Source records
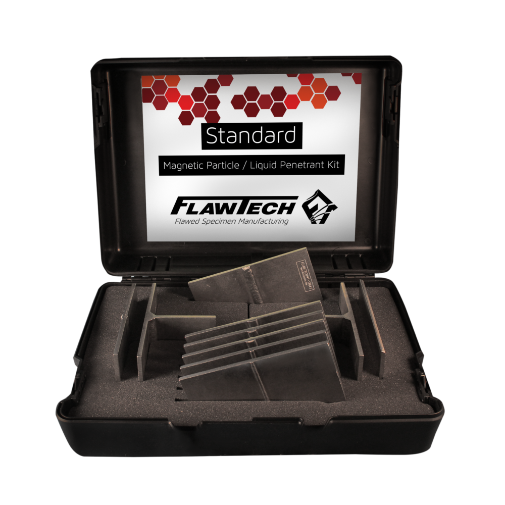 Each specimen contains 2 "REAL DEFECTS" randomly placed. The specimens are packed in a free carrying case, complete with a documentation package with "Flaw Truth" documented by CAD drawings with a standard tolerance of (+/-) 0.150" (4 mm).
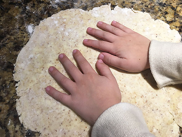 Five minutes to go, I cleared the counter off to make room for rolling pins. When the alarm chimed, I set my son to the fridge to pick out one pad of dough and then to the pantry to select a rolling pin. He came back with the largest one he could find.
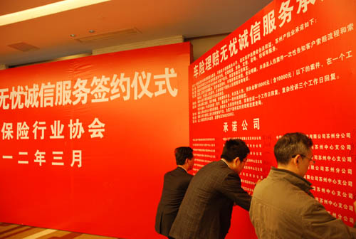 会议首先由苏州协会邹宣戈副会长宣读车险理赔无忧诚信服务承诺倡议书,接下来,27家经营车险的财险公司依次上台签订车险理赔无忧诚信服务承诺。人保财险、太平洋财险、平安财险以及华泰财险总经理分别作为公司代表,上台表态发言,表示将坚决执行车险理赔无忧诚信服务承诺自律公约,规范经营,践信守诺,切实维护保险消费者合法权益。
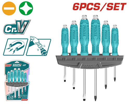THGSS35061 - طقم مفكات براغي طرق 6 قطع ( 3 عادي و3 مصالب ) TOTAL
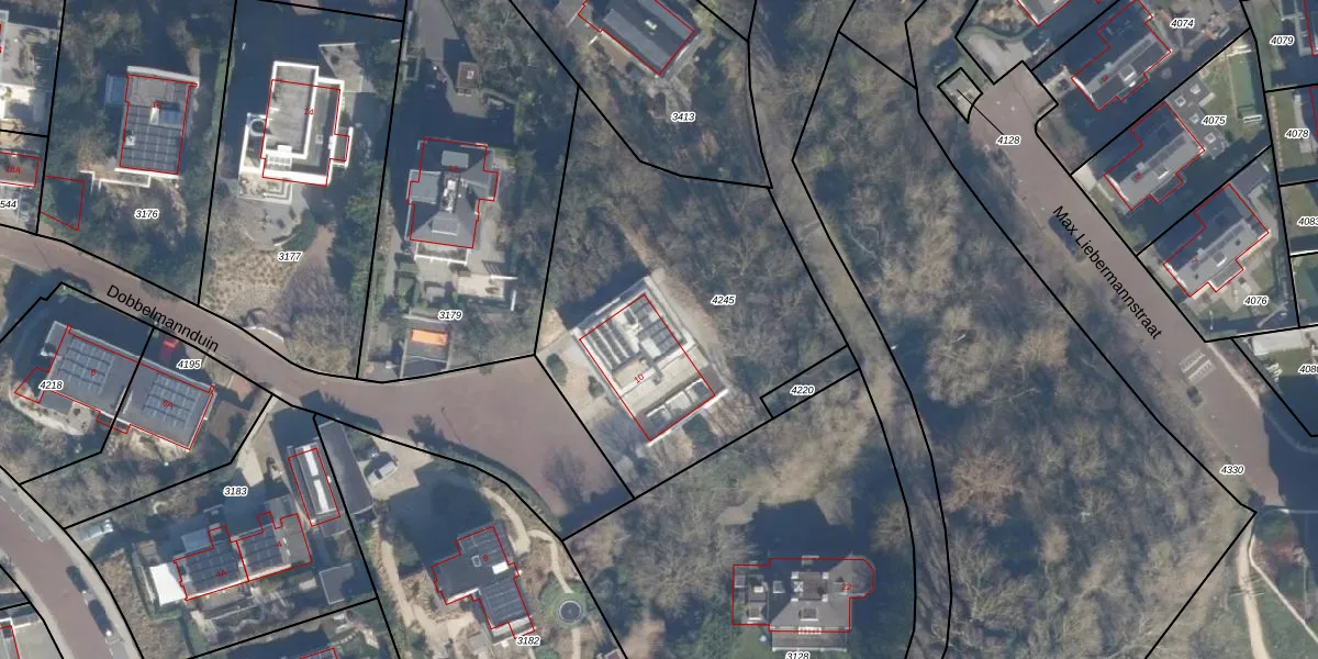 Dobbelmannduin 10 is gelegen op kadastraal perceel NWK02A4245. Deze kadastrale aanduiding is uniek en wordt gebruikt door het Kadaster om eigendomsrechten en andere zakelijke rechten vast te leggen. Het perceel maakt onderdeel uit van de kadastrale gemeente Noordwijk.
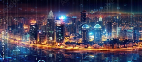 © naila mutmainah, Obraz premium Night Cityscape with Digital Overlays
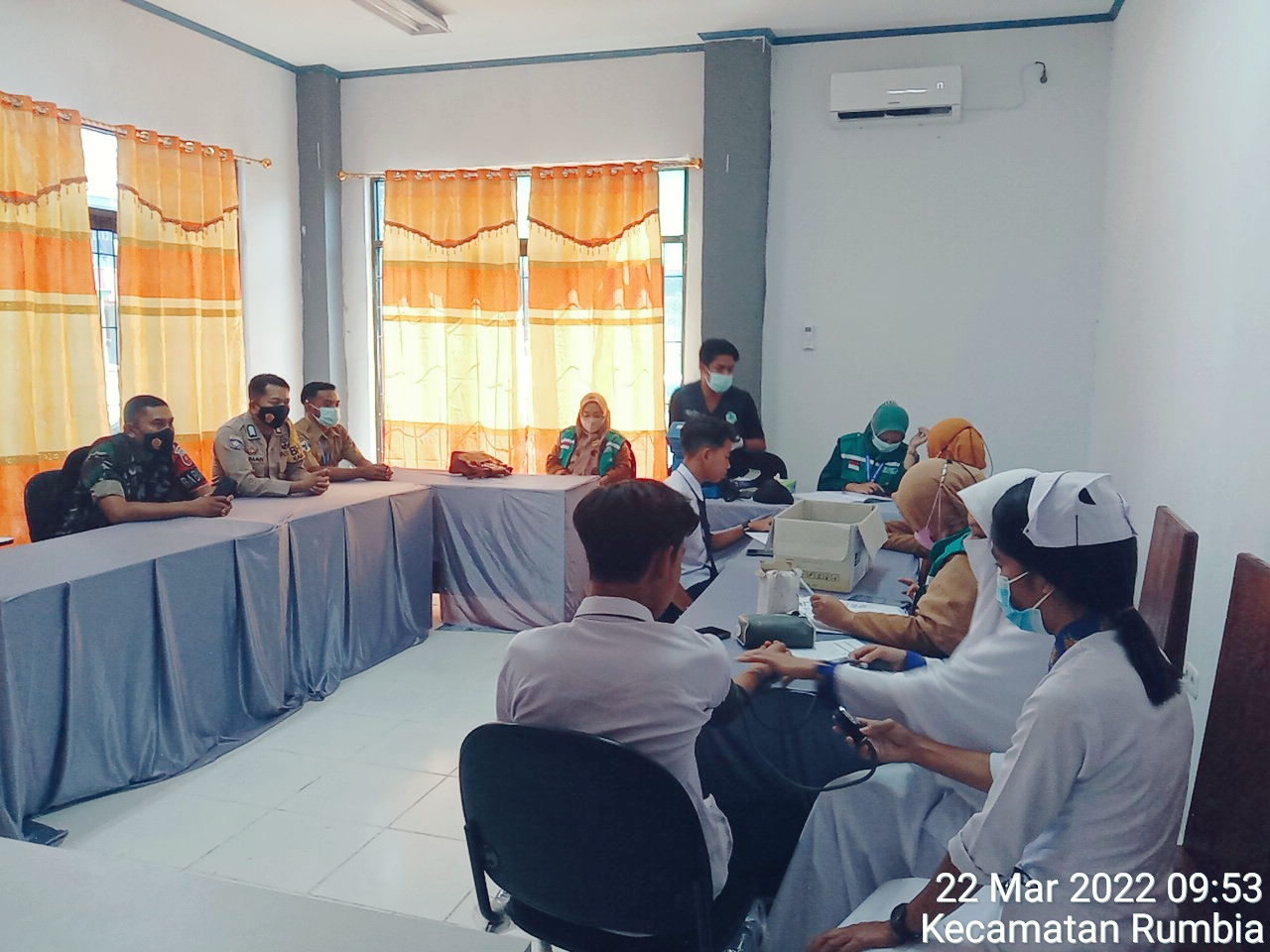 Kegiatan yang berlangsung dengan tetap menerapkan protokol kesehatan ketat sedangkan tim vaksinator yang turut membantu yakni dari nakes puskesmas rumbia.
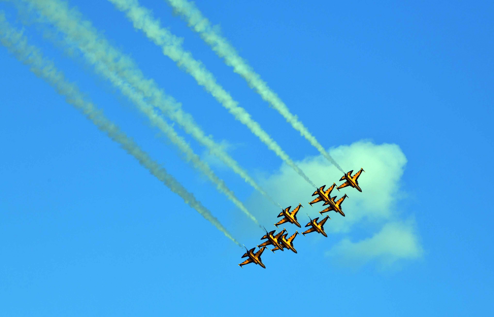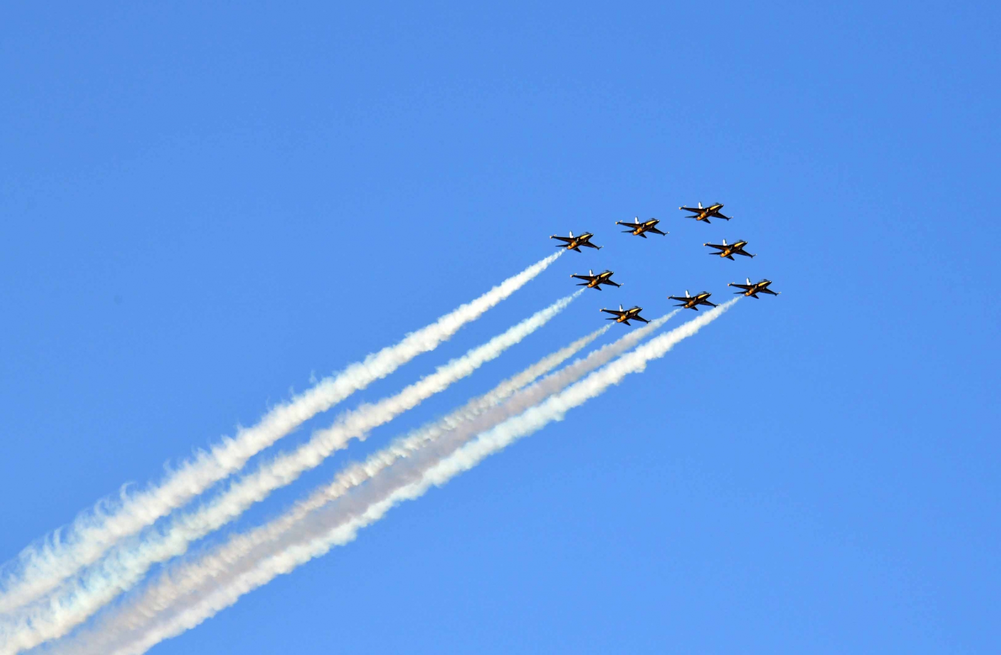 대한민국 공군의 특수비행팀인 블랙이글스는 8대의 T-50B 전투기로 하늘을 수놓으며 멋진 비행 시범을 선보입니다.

- **Problem to solve**:
Write each entry again exactly, minus any images.

- **Answer below**:
 Each specimen contains 2 "REAL DEFECTS" randomly placed. The specimens are packed in a free carrying case, complete with a documentation package with "Flaw Truth" documented by CAD drawings with a standard tolerance of (+/-) 0.150" (4 mm).
 Five minutes to go, I cleared the counter off to make room for rolling pins. When the alarm chimed, I set my son to the fridge to pick out one pad of dough and then to the pantry to select a rolling pin. He came back with the largest one he could find.
 会议首先由苏州协会邹宣戈副会长宣读车险理赔无忧诚信服务承诺倡议书,接下来,27家经营车险的财险公司依次上台签订车险理赔无忧诚信服务承诺。人保财险、太平洋财险、平安财险以及华泰财险总经理分别作为公司代表,上台表态发言,表示将坚决执行车险理赔无忧诚信服务承诺自律公约,规范经营,践信守诺,切实维护保险消费者合法权益。
THGSS35061 - طقم مفكات براغي طرق 6 قطع ( 3 عادي و3 مصالب ) TOTAL
 Dobbelmannduin 10 is gelegen op kadastraal perceel NWK02A4245. Deze kadastrale aanduiding is uniek en wordt gebruikt door het Kadaster om eigendomsrechten en andere zakelijke rechten vast te leggen. Het perceel maakt onderdeel uit van de kadastrale gemeente Noordwijk.
 © naila mutmainah, Obraz premium Night Cityscape with Digital Overlays
 Kegiatan yang berlangsung dengan tetap menerapkan protokol kesehatan ketat sedangkan tim vaksinator yang turut membantu yakni dari nakes puskesmas rumbia.
 대한민국 공군의 특수비행팀인 블랙이글스는 8대의 T-50B 전투기로 하늘을 수놓으며 멋진 비행 시범을 선보입니다.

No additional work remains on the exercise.